• WHAT YOU SHOULD DO:
Restate the whole of the data below word for word, skipping the images.

• AVAILABLE DATA:
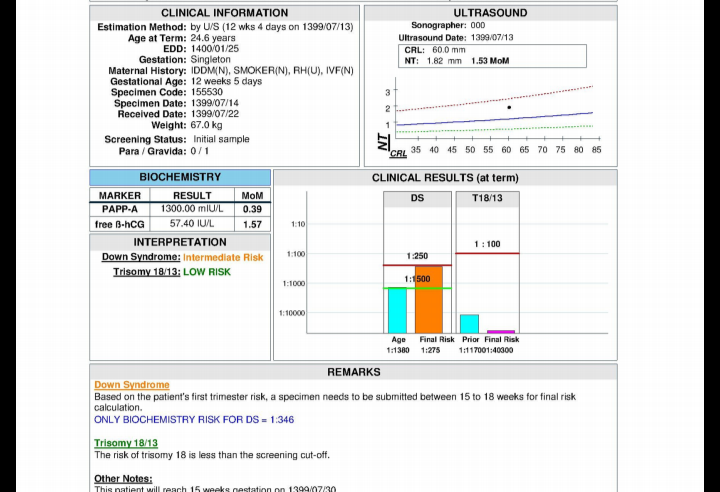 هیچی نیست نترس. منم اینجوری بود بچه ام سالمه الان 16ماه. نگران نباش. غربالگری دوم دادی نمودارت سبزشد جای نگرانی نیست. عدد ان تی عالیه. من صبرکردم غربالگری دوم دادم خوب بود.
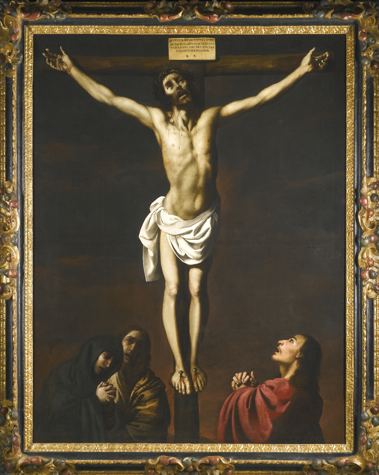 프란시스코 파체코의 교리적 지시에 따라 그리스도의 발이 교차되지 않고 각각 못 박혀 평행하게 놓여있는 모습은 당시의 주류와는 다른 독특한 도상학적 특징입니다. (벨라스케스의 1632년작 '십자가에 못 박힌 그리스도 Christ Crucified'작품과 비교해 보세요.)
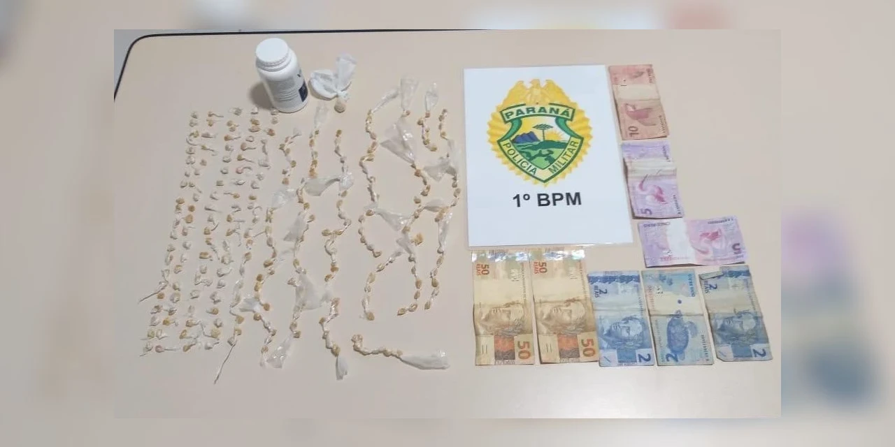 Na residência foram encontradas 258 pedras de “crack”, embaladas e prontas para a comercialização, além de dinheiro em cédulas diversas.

• ANSWER AREA:
 هیچی نیست نترس. منم اینجوری بود بچه ام سالمه الان 16ماه. نگران نباش. غربالگری دوم دادی نمودارت سبزشد جای نگرانی نیست. عدد ان تی عالیه. من صبرکردم غربالگری دوم دادم خوب بود.
 프란시스코 파체코의 교리적 지시에 따라 그리스도의 발이 교차되지 않고 각각 못 박혀 평행하게 놓여있는 모습은 당시의 주류와는 다른 독특한 도상학적 특징입니다. (벨라스케스의 1632년작 '십자가에 못 박힌 그리스도 Christ Crucified'작품과 비교해 보세요.)
 Na residência foram encontradas 258 pedras de “crack”, embaladas e prontas para a comercialização, além de dinheiro em cédulas diversas.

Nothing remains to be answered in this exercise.